Hi, Eric.

There is a ton of lost packets and latency at the intermediate hops, but ... those hops are passing downstream data just fine, so the fact that you're seeing packet loss here means you pretty much have to ignore these hops in your analysis (well, at a minimum you need to ignore the packet loss and latency that occurs normally).

We talk about this a little bit here:

http://www.nessoft.com/kb/24

and a bit more obliquely here:

http://www.nessoft.com/kb/46

Ideally, what you're looking to do is correlate a performance problem in some other application (ie: SSH / SFTP / VPN). Most of these protocols use TCP, so you might set up PingPlotter's TCP packet type with the port of the application you're using (ie: port 23 for SSH) and then run PingPlotter while you're using that application.

When you experience slowness, go to PingPlotter and make a note of it with comments (or, if you have the time, you might analyse things right then).

What you're trying to do is determine if there's a pattern, recognizable in the PingPlotter graphs, that happens when performance problems occur. If you can establish this pattern, then you might be able to determine where this pattern first occurs (ie: which hop or combination of hops) - which can help you understand what's causing the problem.

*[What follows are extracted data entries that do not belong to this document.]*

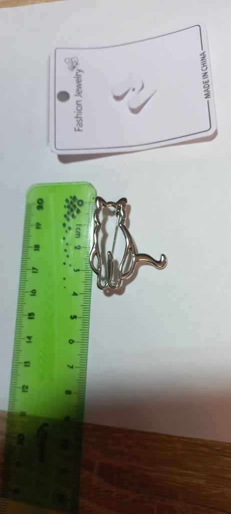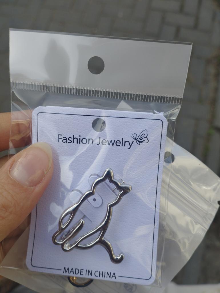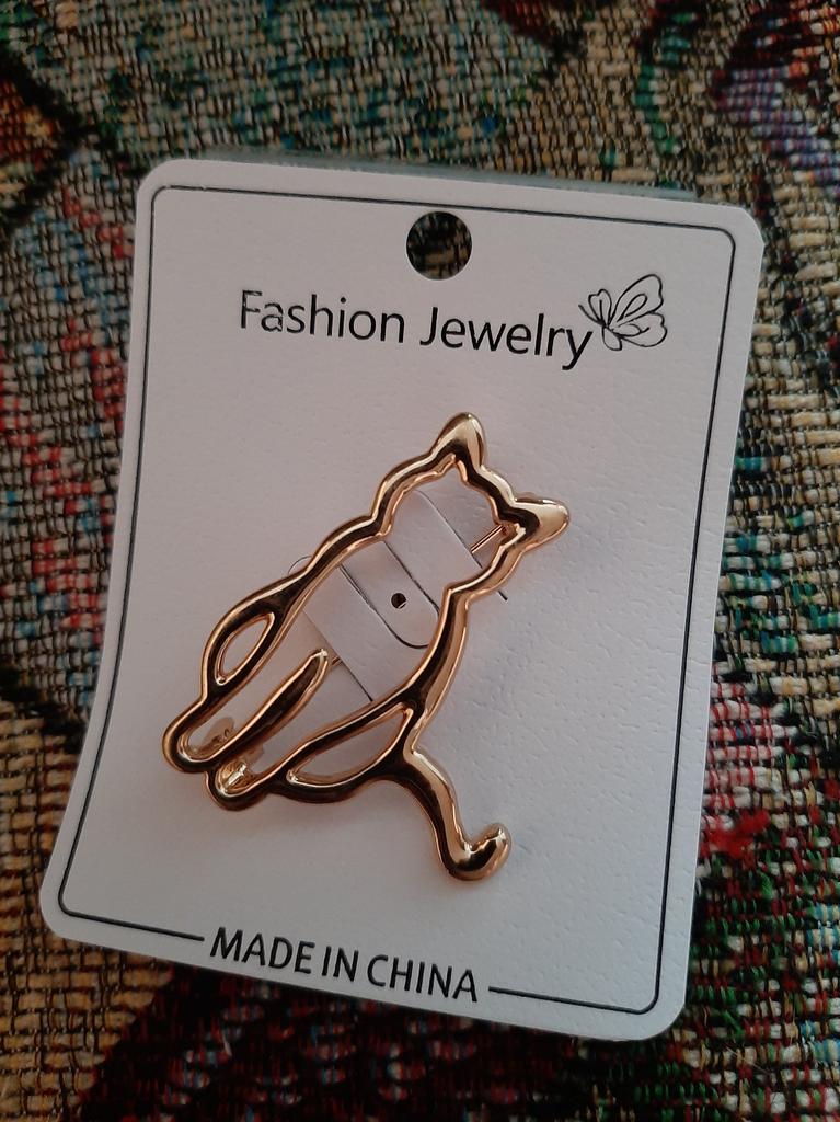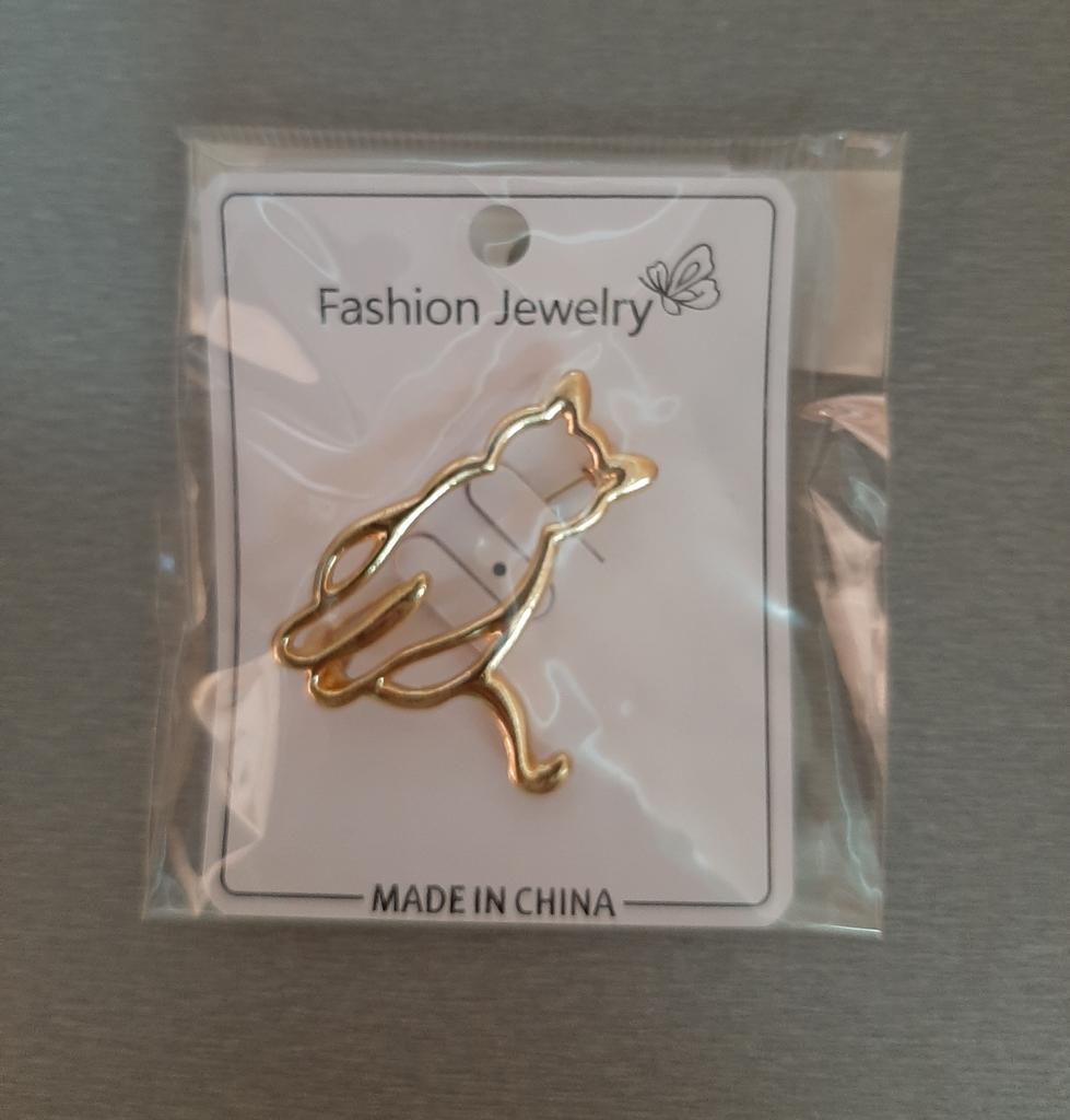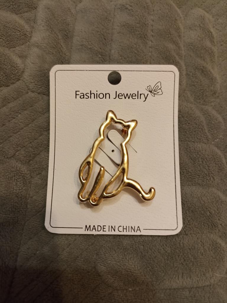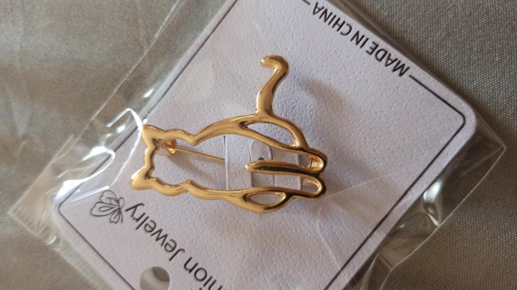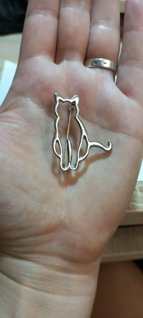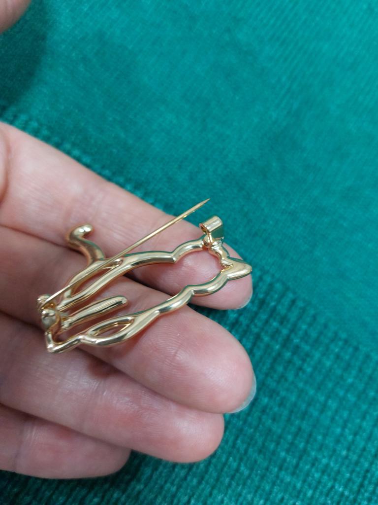 A beautiful cat, although it looks a little simple compared to many other brooches and not very fancy, but it looks like a gold brooch, so in addition to a beautiful cute cat that will look great on clothes, it will not feel like cheap jewelry. The brooch fits clothes made of coarser material, it will sag on thin ones.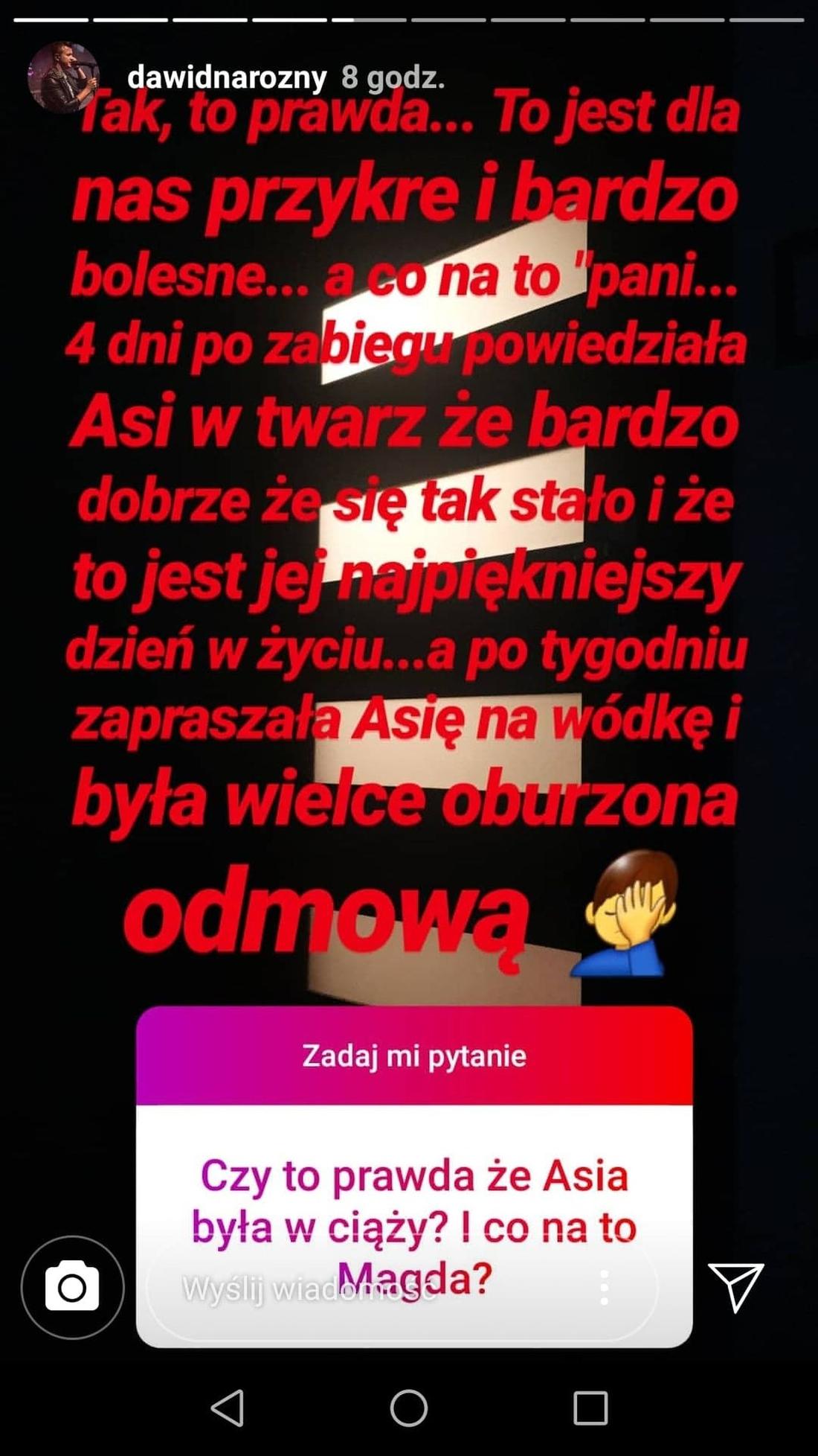 Odpowiadając na pytania internautów, były członek zespołu Piękni i Młodzi, zdecydował się też na bardzo osobiste wyznanie. Przyznał, że jego nowa partnerka, Asia, straciła dziecko, a to miało ucieszyć Magdalenę Narożną.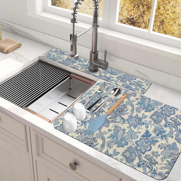 2PCS 23.5" x 15.5" Dish Drying Mat & 24" x 5.5" Sink Splash Guard, Ultra Absorbent & Cuttable Flower Dish Mat Drying Kitchen Mat with Non-slip Rubber Backed, Hide Stain Drying Matt Kitchen Counter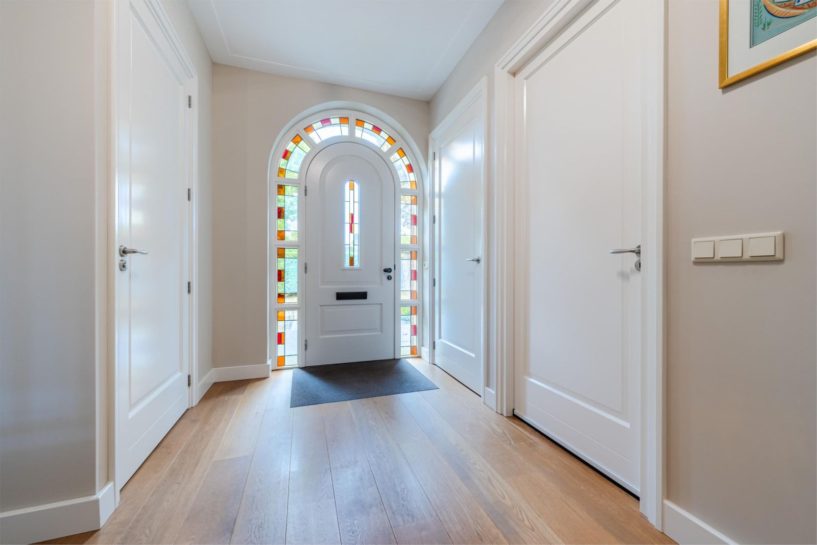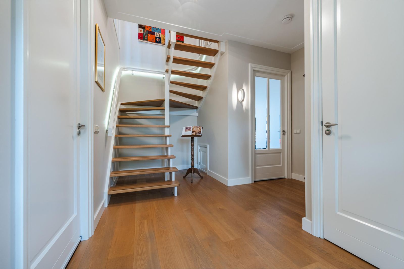 Bij binnenkomst treft u een royale hal met een stijlvolle trapopgang naar de 1e verdieping. Alles is luxe afgewerkt. In de hal bevinden zich een moderne meterkast, een volledig betegeld toilet met een speciale spiegelopstelling en deuren naar de woonkamer en kantoorruimte.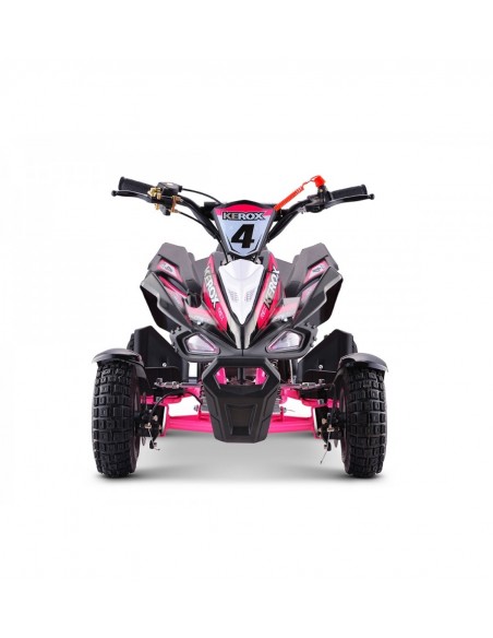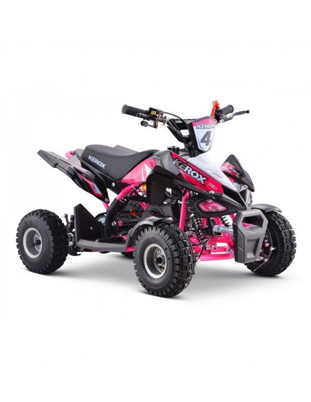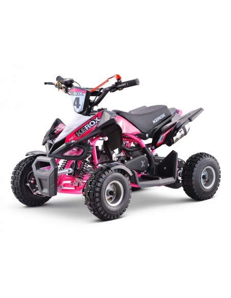Pocket Quad KEROX Rex (Mini ATV) équipé de roue 4 Pouces. Ce quad grâce à de nombreux avantages séduira parents comme enfants ! MODELE HAUT DE GAMME DE CHEZ KEROX !!!! Importateur Francais distributeur BASTOS BIKE avec un excellent SAV / dispo pièces ! Sa vitesse bridable dès 5 km/h et son coupe circuit type jet ski permettra de mettre pilote et parents en toute sécurité ! Ce quad permettra à l’enfant (dès 3 ans) de découvrir le sport mécanique fabuleux qu'est le quad, sans se ruiner et tout en gardant le meilleur rapport qualité prix du marché ! Les + de la marque KEROX:- Colonne de direction monté sur bague (aucun jeu possible)- Biellettes de direction serties et inversées (beaucoup moins de jeu et d'usure dans le temps)- Fusée de train avant monté sur roulements (pas d'usure ni de jeu comparé à du plastique)- Nouveau guidon moins large et mieux adapté aux plus jeunes- Amortisseur avant / arrière réglable et moins dur ! De plus avec ses nombreuses améliorations (voir photos), ce quad s'est fiabilisé avec le temps: lanceur aluminium renforcé, embrayage renforcé, biellettes renforcées, guidon aluminium, freins à disques avant (double) et arrière, chaine renforcée !!! - MOTEUR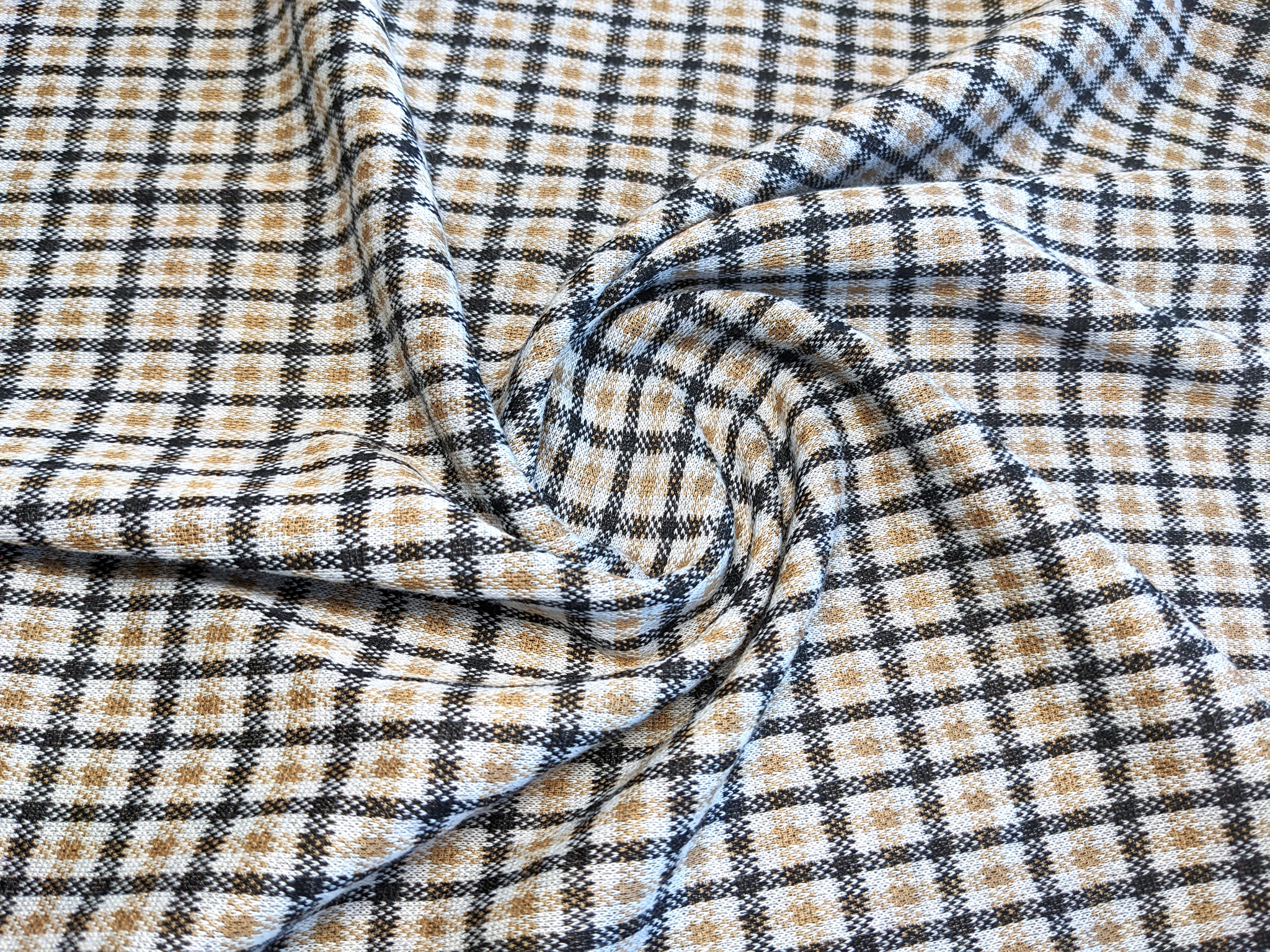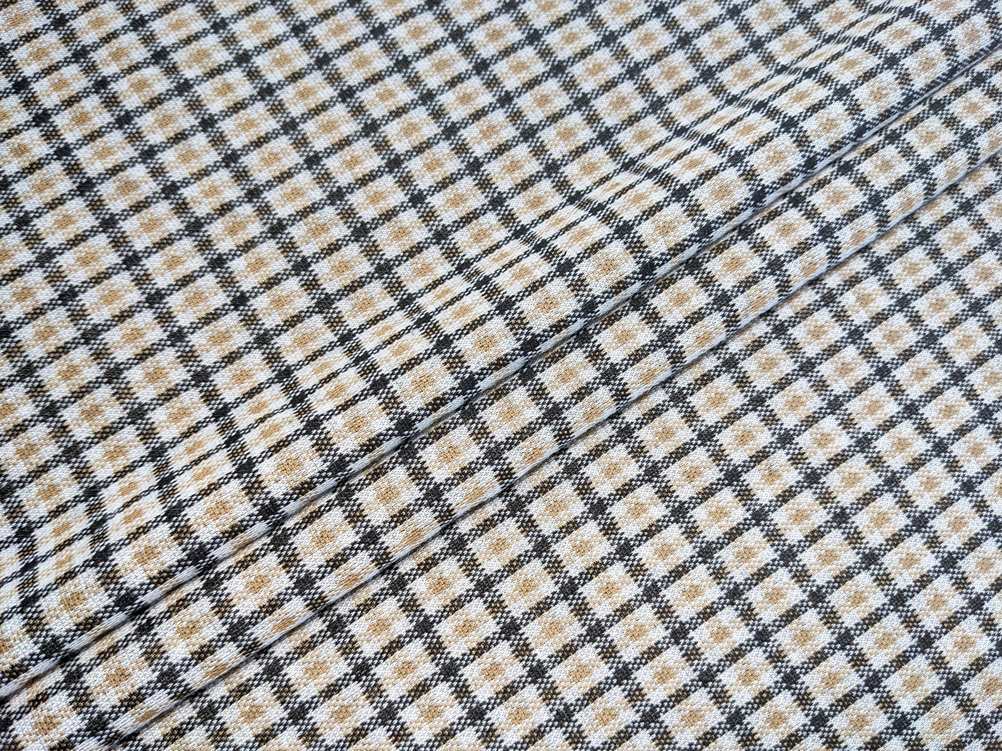 Трикотаж віскозний клітинка 15 мм, пісочний з темно-сірим

The huge packet loss numbers you're constantly seeing at the intermediate hops are not causing the problem - since that occurs all the time, even when performance is OK. The fact that those hops respond poorly makes it a bit more difficult to troubleshoot, but certainly not impossible.

Look for patterns in the final destination - packet loss periods, latency. Put comments on them when they happen. Then, go back and see if you can see things that happened in common at the times when you're seeing problems. Once you've identified that, use the route information and turn on some of the other time graphs to find the first hop where it occurs. That's a likely area where you'd start with phone calls / emails for more help.